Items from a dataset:
====

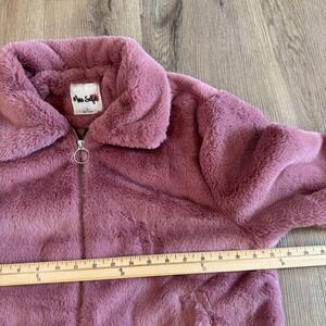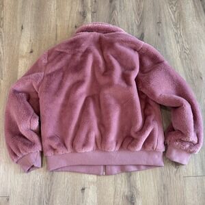 Miss Selfie Pink Faux Fur Bomber Jacket Mauve Pink Collared Size Large EUC
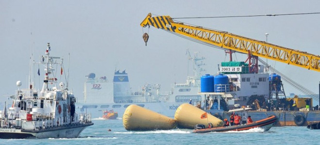 Τέσσερις μεγάλοι ναυτικοί γερανοί, συμπεριλαμβανομένου και ενός μηχανισμού ανέλκυσης της Samsung με δυνατότητα ανέλκυσης 8.000 τόνων, έχουν τοποθετηθεί στο σημείο όπου βυθίστηκε το Sewol και ειδικοί επισημαίνουν ότι με τη χρήση μίας πλωτής πλατφόρμας θα βοηθήσει την ανέλκυση και τη μετακίνηση του πλοίου.
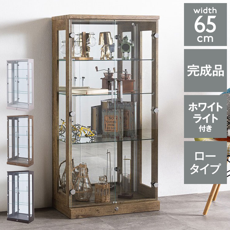 オリーブ65ロータイプ コレクションラック 縦型ホワイトライト付タイプ 完成品 幅64cm 高さ129cm 奥行33cm フィギュア コレクションケース 代引不可
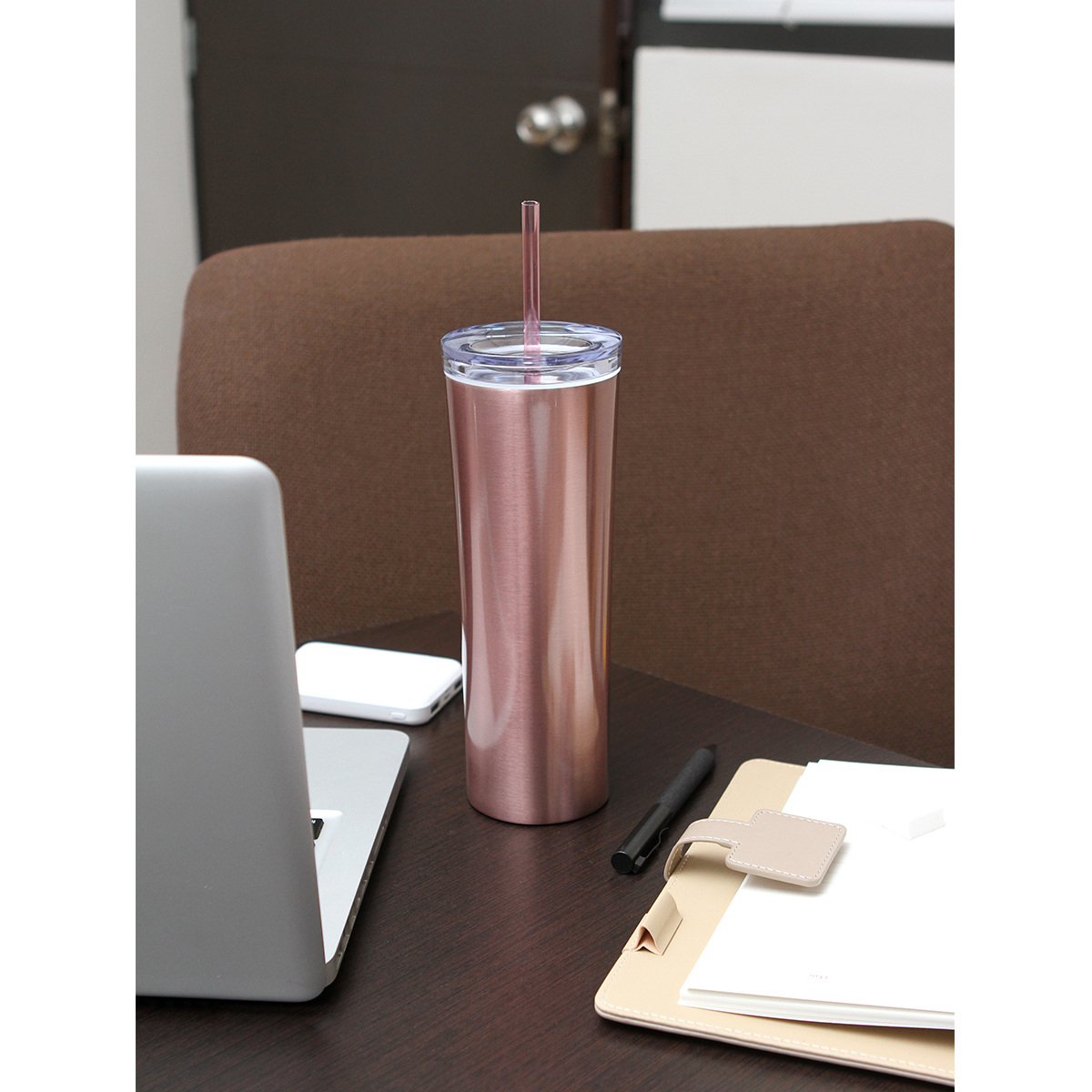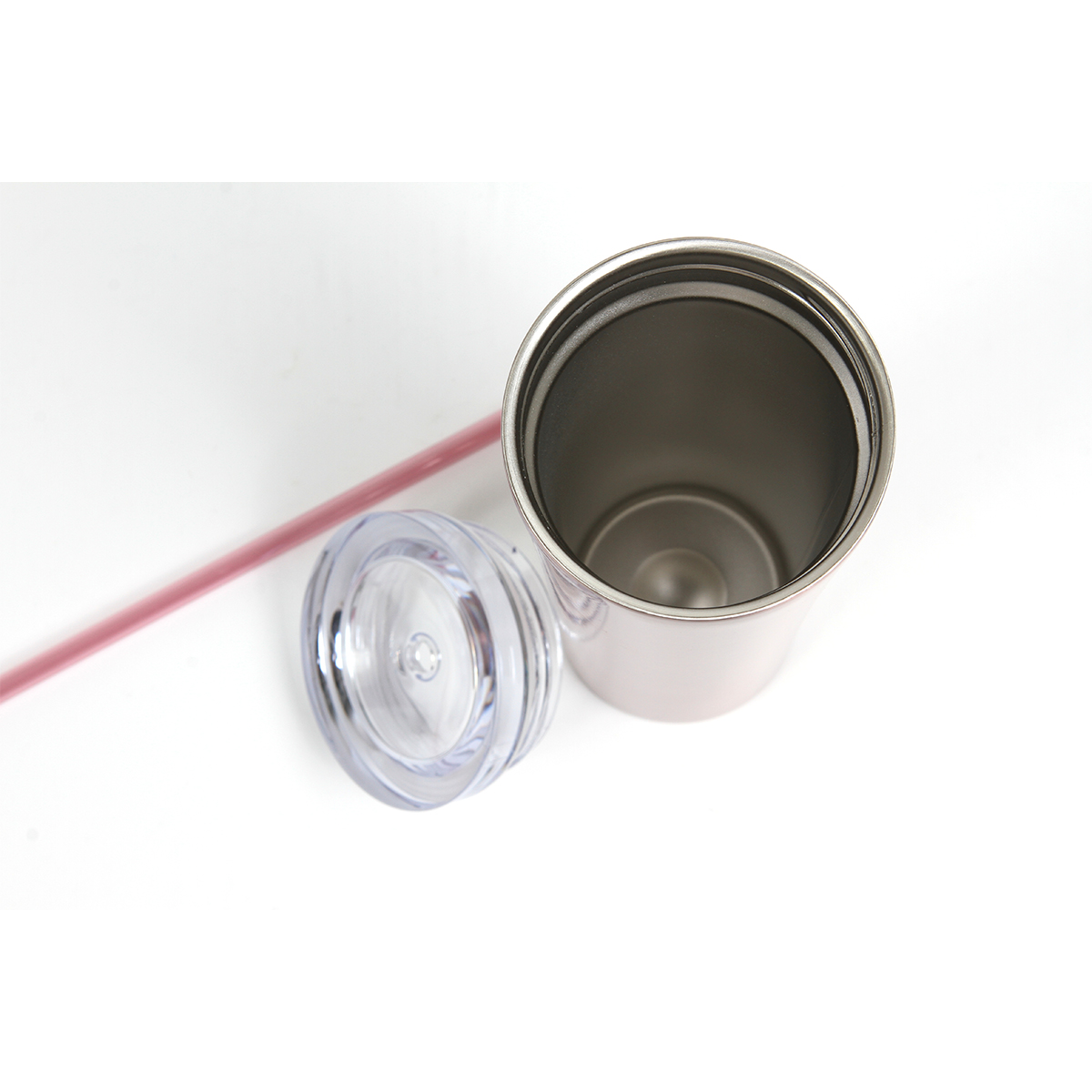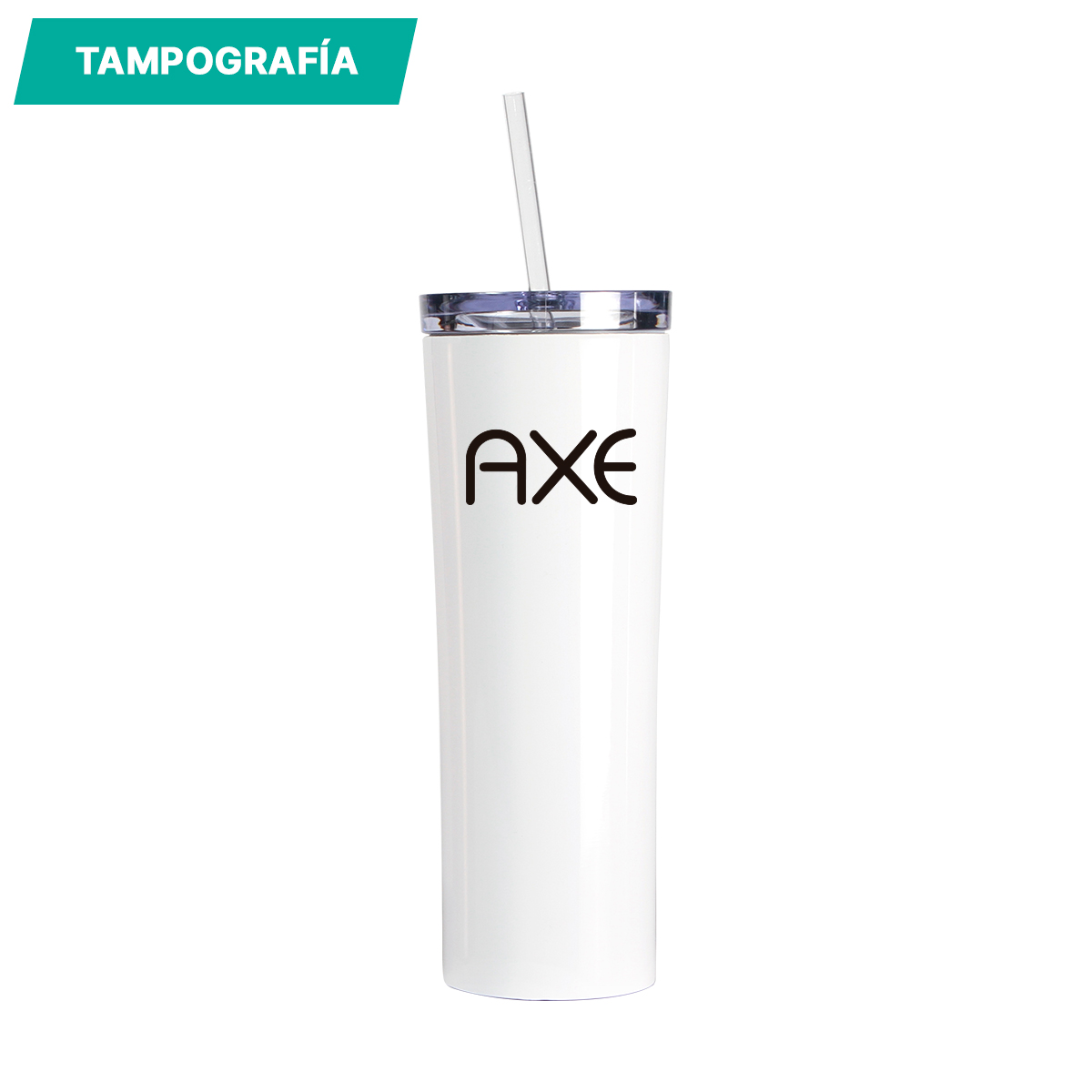 Termo Gomba. - Termo de acero inoxidable doble pared con tapa de plástico transparente y popote, fabricado en materiales de grado alimenticio, mantiene bebidas frías o calientes por un largo tiempo, no usar en microondas. Capacidad 470 ml (16oz). Incluye caja de cartón individual.
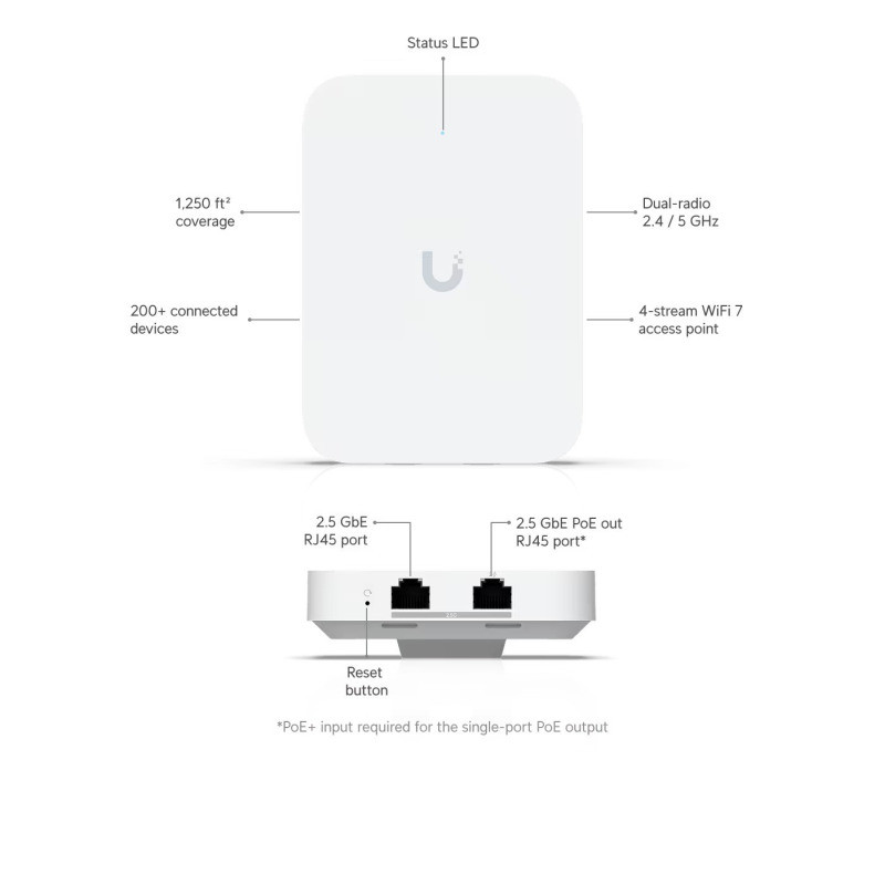- Zidna WiFi? 7 pristupna točka s 4 prostorna toka i integriranim 2,5 GbE PoE preklopnikom dizajnirana za ugostiteljska okruženja.
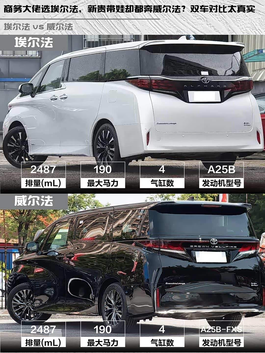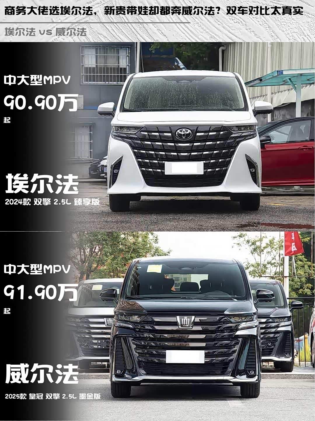 ▪️性价比党慎重:两车落地都要百万级,威尔法还比埃尔法贵1万(指导价91.9万vs90.9万)
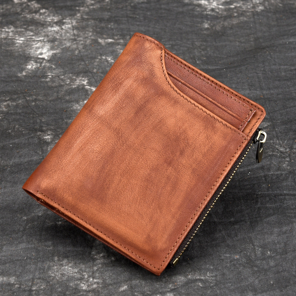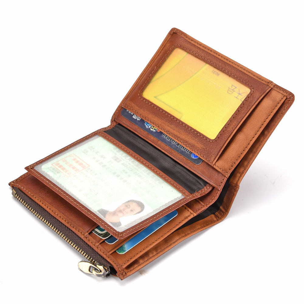 Design: Brown MENS LEATHER Bifold Wallet Short Wallet Card Wallet Dark Brown Coin Wallet FOR MEN

====

WHAT TO WORK ON:
Type out all of the records exactly, leaving out any picture.

WRITTEN REPLY:
 Miss Selfie Pink Faux Fur Bomber Jacket Mauve Pink Collared Size Large EUC
 Τέσσερις μεγάλοι ναυτικοί γερανοί, συμπεριλαμβανομένου και ενός μηχανισμού ανέλκυσης της Samsung με δυνατότητα ανέλκυσης 8.000 τόνων, έχουν τοποθετηθεί στο σημείο όπου βυθίστηκε το Sewol και ειδικοί επισημαίνουν ότι με τη χρήση μίας πλωτής πλατφόρμας θα βοηθήσει την ανέλκυση και τη μετακίνηση του πλοίου.
 オリーブ65ロータイプ コレクションラック 縦型ホワイトライト付タイプ 完成品 幅64cm 高さ129cm 奥行33cm フィギュア コレクションケース 代引不可
 Termo Gomba. - Termo de acero inoxidable doble pared con tapa de plástico transparente y popote, fabricado en materiales de grado alimenticio, mantiene bebidas frías o calientes por un largo tiempo, no usar en microondas. Capacidad 470 ml (16oz). Incluye caja de cartón individual.
- Zidna WiFi? 7 pristupna točka s 4 prostorna toka i integriranim 2,5 GbE PoE preklopnikom dizajnirana za ugostiteljska okruženja.
 ▪️性价比党慎重:两车落地都要百万级,威尔法还比埃尔法贵1万(指导价91.9万vs90.9万)
 Design: Brown MENS LEATHER Bifold Wallet Short Wallet Card Wallet Dark Brown Coin Wallet FOR MEN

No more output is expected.